Average data transmissions time for iPDA, iCPDA, and our schemes.
Figure 6 provides the performance of three schemes in terms of the detection ratio of polluted messages for integrity checking. It is shown that our scheme can detect all polluted messages, whereas iPDA and iCPDA can detect less than 30% of polluted messages. The reason is that every node in our scheme checks the integrity of its incoming data received from the lower-level nodes. On the other hand, only the sink node can check the integrity of the aggregated data in iPDA, whereas only the sink node and the cluster heads can perform the integrity checking in iCPDA.

Integrity checking.
5. Conclusion
In this paper, we proposed an efficient and general scheme in order to aggregate sensitive data protecting data integrity for private data generating environments such as patients’ health monitoring application. For maintaining data privacy, our scheme applies the additive property of complex numbers where sampled data are customized and given the form of complex number before transmitting towards the sink node. As a result, it protects the trend of private data of a sensor node from being known by its neighboring nodes including data aggregators in WSNs. Moreover, it is still difficult for an adversary to recover sensitive information even though data are overheard and decrypted. Meanwhile, data integrity is protected by using the imaginary unit of complex-number-form customized data at the cost of just two extra bytes. Through simulation results, we have shown that our scheme is much more efficient in terms of communication and computation overheads, data propagation delay, and integrity checking than the iPDA and iCPDA schemes.

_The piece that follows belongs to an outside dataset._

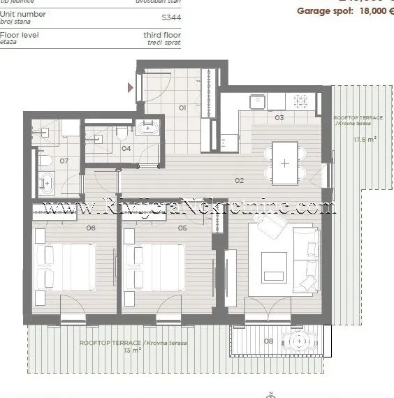 Apartment area 71m, third floor. Room layout: hallway, living room, kitchen, two bedrooms, two bathrooms, terrace.

As future work, we will provide more simulation results by designing data integrity and sensitive data-preserving scheme under collusive attacks. Moreover, we will improve our privacy-preserving data aggregation scheme to support MAX and MIN aggregations.
Footnotes
Conflict of Interests
The authors declare that there is no conflict of interests regarding the publication of this paper.
Acknowledgments
This research was supported by Basic Science Research Program through the National Research Foundation of Korea (NRF) funded by the Ministry of Education, Science and Technology (Grant no. 2013010099). And this research was supported by the Brain Korea 21 PLUS Project, NRF.